Oczywiście, zachęcamy do dzielenia się także swoim doświadczeniem na naszym forum. Sądzę że Wasza opinia, może ostrzec innych, przed wpakowaniem się w nieopłacalny zakup. Dodatkowo, wymusi to na sprzedających polepszenia własnej oferty. Dotyczy to wszystkiego co jest związane z CP, nie tylko ołowiane kule, ale także broń, akcesoria itd.

Wszystkie wpisy są przez nas weryfikowane i konfrontowane ze sprzedającymi.

Akutalizacja #1

Taka nasza mała inicjatywa, aby osoba, która zainwestowała w takie kulki, sama porównała i zobaczyła różnice oraz czy watro przepłacać. Nawiązała się nawet dyskusja na ten temat na grupie FB, gdzie każdy ma oczywiście swoje zdanie na ten temat. Nie zmienia to faktu, że warto zwracać uwagę na to co się kupuje. Przesłane kule otrzymaliśmy od ACP-SPORT.

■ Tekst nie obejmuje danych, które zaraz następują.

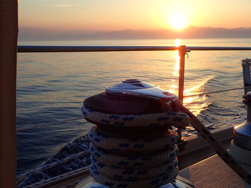 Nous longeons les côtes de la Sicile, dernière terre avant l’ile Grecque de Zakynthos, prochaine destination, à travers les brumes des larmes de Charybde, Scylla et la Méduse, toutes et tous malheureux de nous voir les quitter si tôt.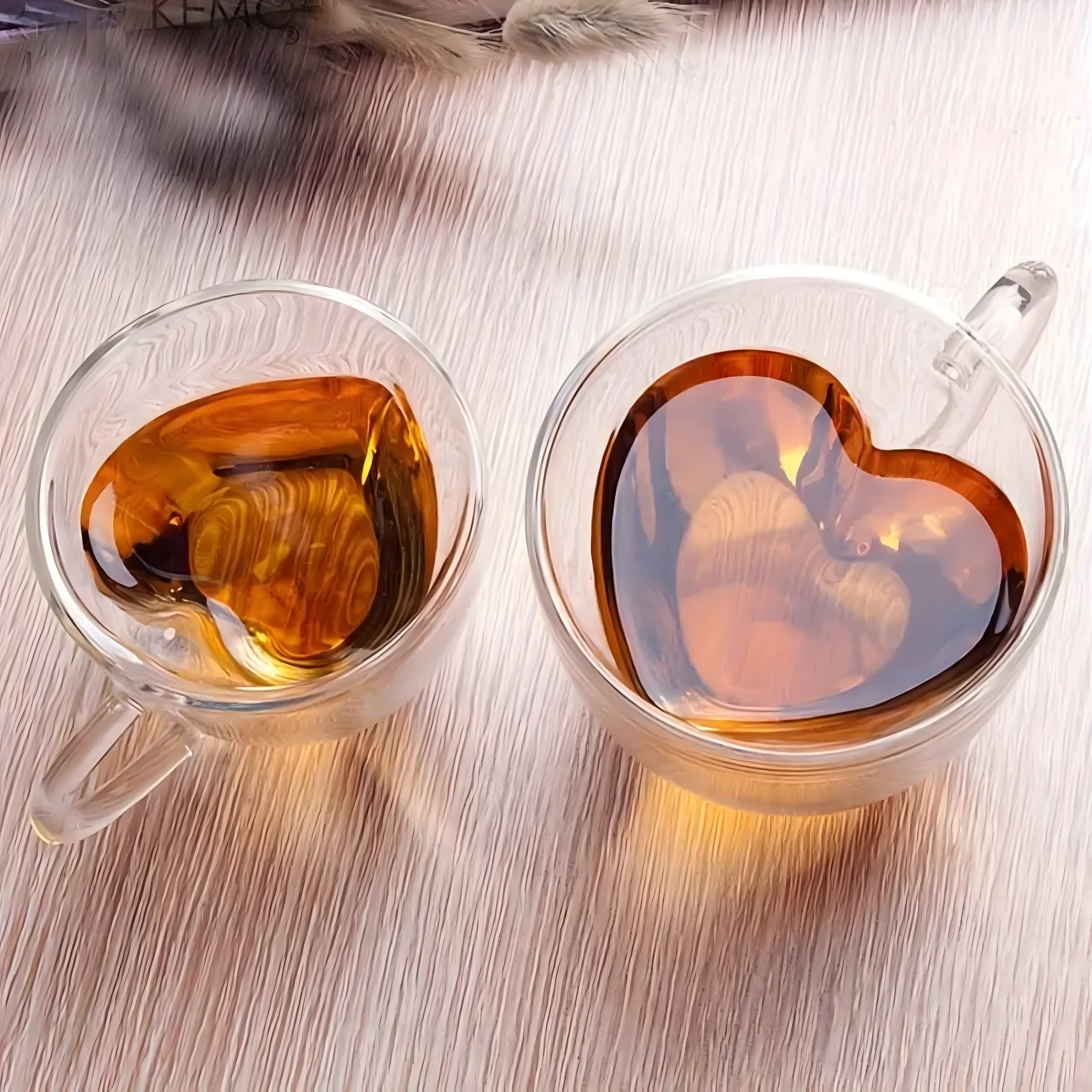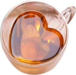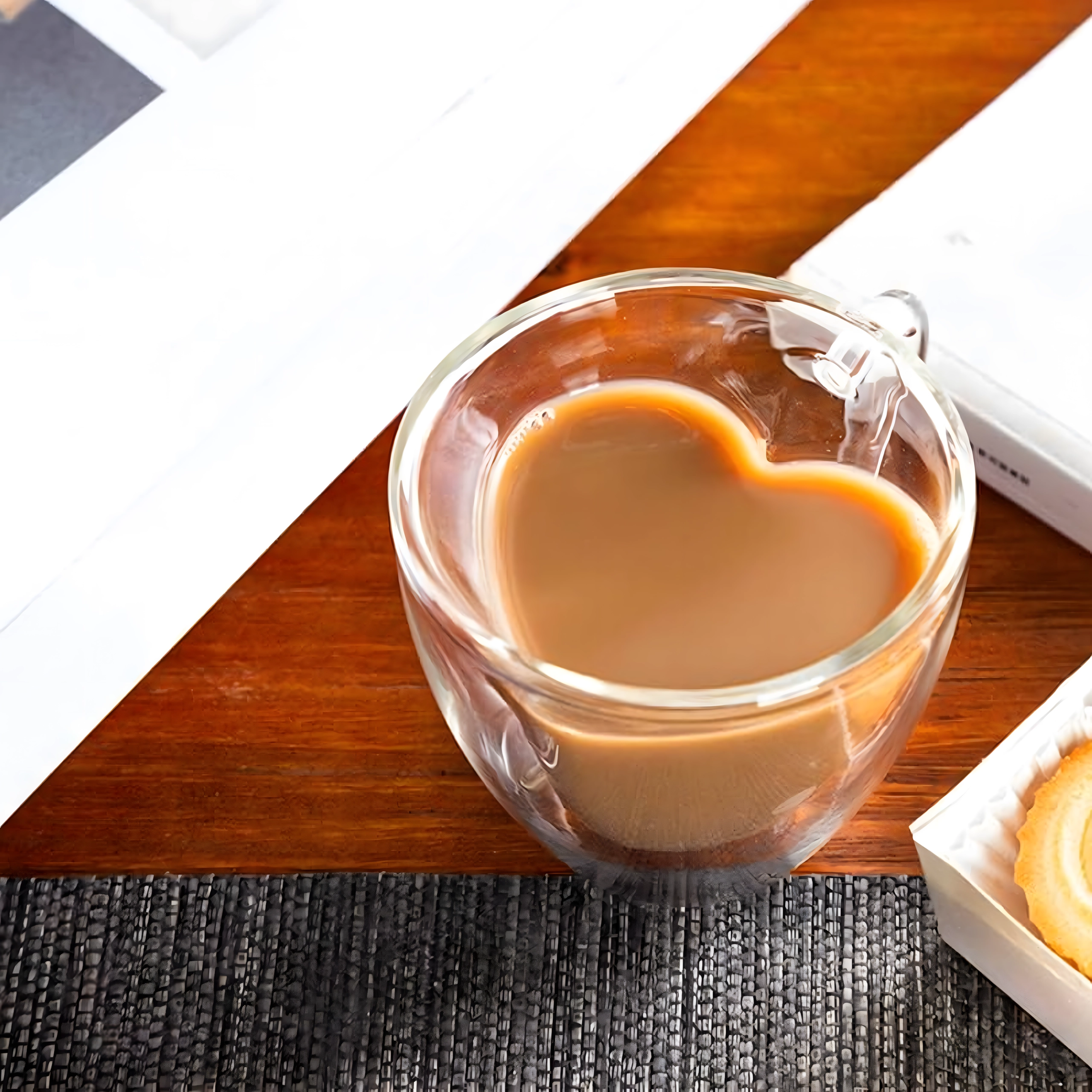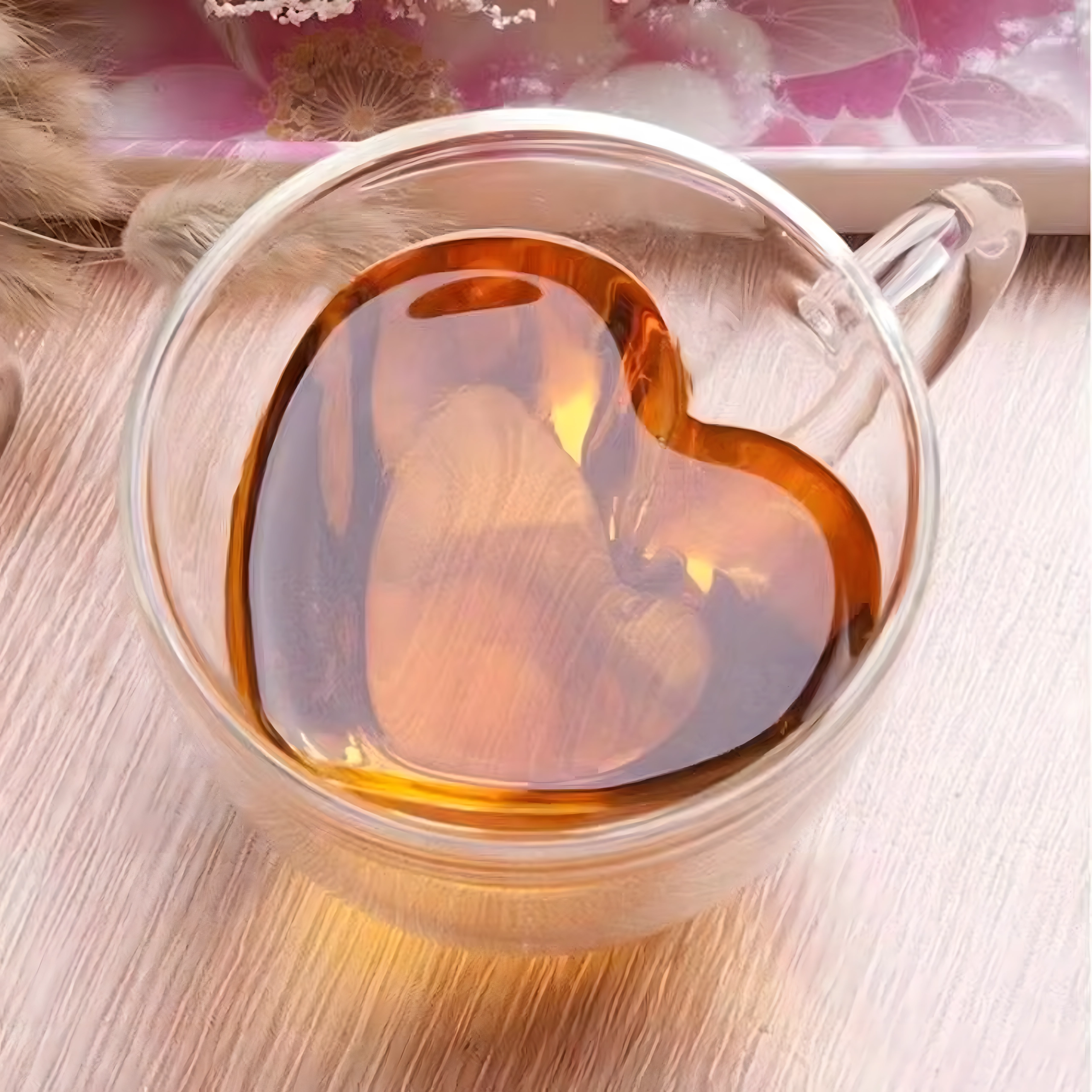 Elegante tazza in vetro a forma di cuore da 250 ml in resistente vetro borosilicato con doppia parete per una migliore isolazione termica. Perfetta per caffè caldo, tè aromatico, bevande fredde e dessert. Grazie alla struttura isolante la bevanda mantiene la temperatura più a lungo, mentre la parete esterna rimane piacevolmente fresca per una presa sicura.

Poniżej komentarz użytkownika.

Witam. Dziś otrzymałem prezencik od chłopaków z BlackPowder w postaci kul. Ostatnio zamieściłem zdjęcia kartofelków jakie przysłał mi sprzedawca z alledrogo, tak więc na otarcie łez Paweł Heron któremu bardzo dziękuje przysłał mi kule. Specjalnie z tej okazji i prośby Pawła zrobiłem porównanie jak powinny wyglądać i strzelać dobrej jakości kule vs jakich kul wystrzegać się za wszelką cenę i nie łasić się na okazję tak jak zrobiłem to ja. Na niżej załączonych zdjęciach widać wygląd kul. Te skamieniałe jak zapewne się domyślacie pochodzą z alledrogo od pewnego sprzedawcy i już na drugim zdjęciu widać nadlewki ale żeby nie było, że to tylko o nie chodzi, jedne kule są twarde do takiego stopnia, że miałem je ciężko wcisnąć praską, a drugie takie jak powinny być jednak z nadlewkami (na zdjęciu poglądowym aukcji kule wyglądały jak sklepowe). Po prawej stronie kule od chłopaków z BlackPowder błyszczące, świecące ale przede wszystkim równiutkie na których nie mogłem znaleźć miejsca po nadlewkach, oraz wykonane z dobrej jakości ołowiu wszystkie o identycznej twardości co mogą potwierdzić kolejne zdjęcia z wynikami na tarczy. Przechodząc do tarcz na pierwszej widoczny jest rozsyp jakbym strzelał spod ramienia kałachem, tak to właśnie było strzelane z tych skamieniałych kulek. Na drugiej tarczy gdy tylko zmieniłem amunicję na dobrze odlane i obrobione kule od razu skupienie się poprawiło (strzały pod czarnym polem spowodowane były zbyt małą naważką „0.9 grama” po korekcie na naważkę 1,3 grama nie wyszedłem z czarnego pola). Takie porównanie mówi samo za siebie jak dużo znaczy odpowiednia amunicja.

P.S. Strzelałem z pozycji siedzącej podpartej na potrzeby porównania żeby nie było, że tak mi się ręka przez zimny deszczowy dzionek trzęsła.